BEGIN TASK INPUTS
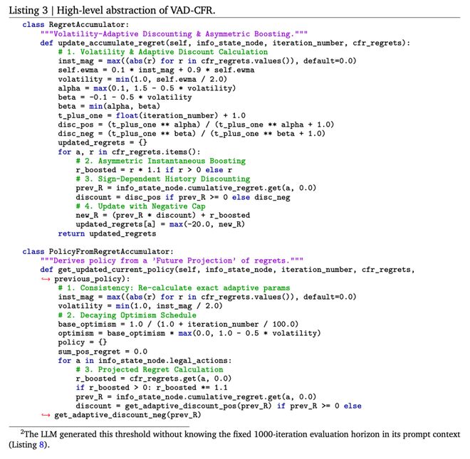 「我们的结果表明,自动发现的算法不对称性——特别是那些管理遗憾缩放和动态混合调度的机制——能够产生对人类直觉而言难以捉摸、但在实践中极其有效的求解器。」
END TASK INPUTS
BEGIN TASK INPUTS
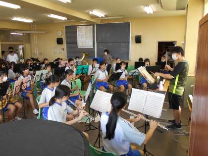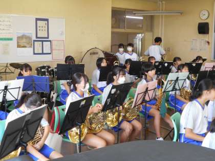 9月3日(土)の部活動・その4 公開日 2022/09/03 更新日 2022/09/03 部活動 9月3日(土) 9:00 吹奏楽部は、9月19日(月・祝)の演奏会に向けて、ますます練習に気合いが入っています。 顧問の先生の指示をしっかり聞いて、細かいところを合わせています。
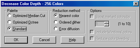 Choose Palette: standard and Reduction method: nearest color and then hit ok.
END TASK INPUTS
● **EXERCISE INSTRUCTIONS**
Would you set down only the lines above from the line with "9月3日(土)の部活動・その4 公開日 2022/09/03" to the line with "Choose Palette: standard", both included, exactly as they stand and without the pictures?

● **TASK OUTPUT**
 9月3日(土)の部活動・その4 公開日 2022/09/03 更新日 2022/09/03 部活動 9月3日(土) 9:00 吹奏楽部は、9月19日(月・祝)の演奏会に向けて、ますます練習に気合いが入っています。 顧問の先生の指示をしっかり聞いて、細かいところを合わせています。
 Choose Palette: standard and Reduction method: nearest color and then hit ok.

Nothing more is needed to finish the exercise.